The U.S. Department of Agriculture (USDA) has imposed sanctions on four produce businesses for failing to meet contractual obligations to the sellers of produce they purchased and failing to pay reparation awards issued under the Perishable Agricultural Commodities Act (PACA). These sanctions include suspending the businesses’ PACA licenses and barring the principal operators of the businesses from engaging in PACA-licensed business or other activities without approval from USDA.
The following businesses and individuals are currently restricted from operating in the produce industry:
Fresh Florida Products Inc., operating out of Tampa, Florida, for failing to pay a $70,617 award in favor of a Texas seller. As of the issuance date of the reparation order, Tareq Damra was listed as the officer, director and major stockholder of the business.
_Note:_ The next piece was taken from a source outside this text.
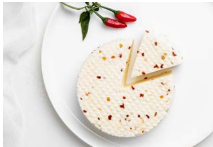
ORGANIC CACIOTTA WITH CHILLI Fresh cow milk cheese with chilli

Quality Foods Produce Inc., operating out of Port St. Lucie, Florida, for failing to pay a $32,302 award in favor of a Utah seller. As of the issuance date of the reparation order, Jose Perez was listed as the officer, director and major stockholder of the business.
US Fresh Corp., operating out of Bronx, New York, for failing to pay a $33,616 award in favor of a Texas seller. As of the issuance date of the reparation order, Gonzalo Jaramillo was listed as the officer, director and major stockholder of the business.
The Great Produce LLC, operating out of Pharr, Texas, for failing to pay a $46,232 award in favor of a Texas seller. As of the issuance date of the reparation order, Juan Jose Hernandez Perez, Javier Torres Sesin, Yamil Torres Tanus and Juan Carlos Cruz Castro were listed as members of the business.
PACA provides an administrative forum to handle disputes involving produce transactions; this may result in USDA’s issuance of a reparation order that requires damages to be paid by those not meeting their contractual obligations in buying and selling fresh and frozen fruits and vegetables. USDA is required to suspend the license or impose sanctions on an unlicensed business that fails to pay PACA reparations awarded against it as well as impose restrictions against those principals determined to be responsibly connected to the business when the order is issued. Those individuals, including sole proprietors, partners, members, managers, officers, directors or major stockholders, may not be employed by or affiliated with any PACA licensee without USDA approval.
By issuing these penalties, USDA continues to enforce the prompt and full payment for produce while protecting the rights of sellers and buyers in the marketplace.